Rising inflation and weak fundamentals create a difficult-to-solve conundrum for the South African Reserve Bank.

If it keeps interest rates low, inflation could rise even higher and the rand will continue to devalue. If it raises interest rates to combat inflation it risks stifling growth.

One possibility is that the central bank could intervene directly as several other central banks have done including the European Central Bank, Swiss National Bank and Reserve Bank of New Zealand.
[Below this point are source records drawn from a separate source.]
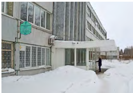
Заводские корпуса служили домом нескольким семьям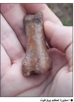
• عظوة لعظم بيغ فوت

وعرض على صفحته في إنستغرام عظمة كبيرة، قائلاً إنها من المستحيل أن تكون لإنسان، مبرراً ذلك بأن المنطقة التي عثر فيها على العظوة لم يقطنها سوى البشر. وأوضح كونور أن العظمة ثقيلة وكبيرة جداً، وبأنها أكبر بمرتين من عظم الإبهام الخاص بالبشر، حسماً نقلت صحيفة «ديلي ستار» البريطانية، وأشار نشر كونور للفيديو أراء متباينة في مواقع التواصل الاجتماعي، إذ اعتبر فريق الكشف عن العظمة دليلاً على وجود «بيغ فوت»، بينما اقترح آخرون إخضاعها للفحص من جانب خبراء وعلماء متخصصين. ويشاع أن «بيغ فوت» العظام يتواجد في الغابات بأميركا الشمالية، إذ تحدث كتيرون عن مشاهدته، رغم غياب الصور والفيديوهات الموثقة التي تحسم مسألة وجوده. وعرضت حكومة ولاية أوكلاهوما الأميركية مكافأة مالية قدرها 500 ألف جنيه استرليني، لمن يعثر على «بيغ فوت» أو يقدم دليلاً علمياً حقيقياً على وجوده.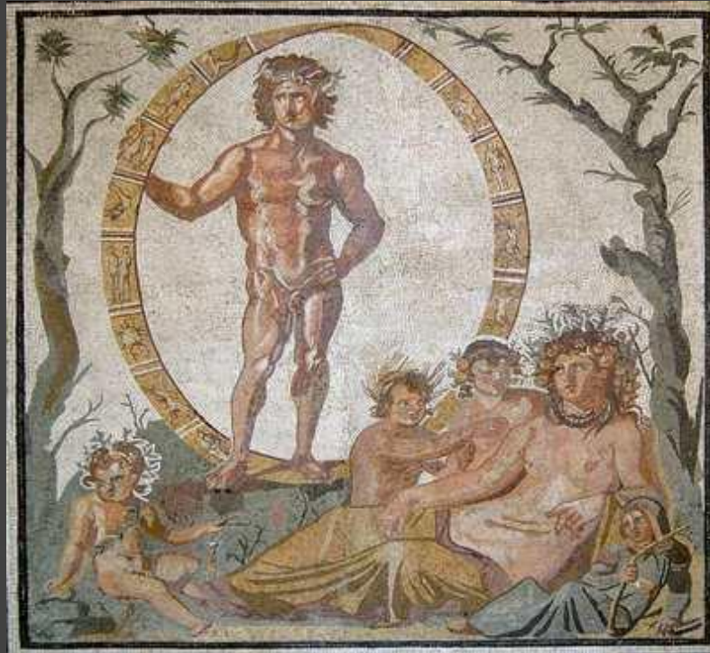
Gaia, mosaïque romaine d'une villa de Sentinum, III ème s. avant J.C.

Analysts at Standard Bank predict the Reserve Bank could raise rates by 50 basis points at its next meeting, scheduled for Jan. 28.

In 2001 and 2008, the South African Reserve Bank did some aggressive rate hikes when the rand slid, Standard Bank analysts said.

“It is hard to see the rand pull back on a sustainable basis,” analysts said. “In recent weeks we have seen South Africa’s real effective exchange rate fall sharply to levels last seen in 2001 and 2008.”

If the bank does not move before it’s next meeting, it could be the focus of intense speculation, Monfort said.

The rand’s upward trend is expected to continue.

“The up-trend is solid, except momentum which is overbought, however this can happen for extended periods in up-trend. Ideally traders should wait until momentum moves out of overbought territory before buying again,” Monfort said.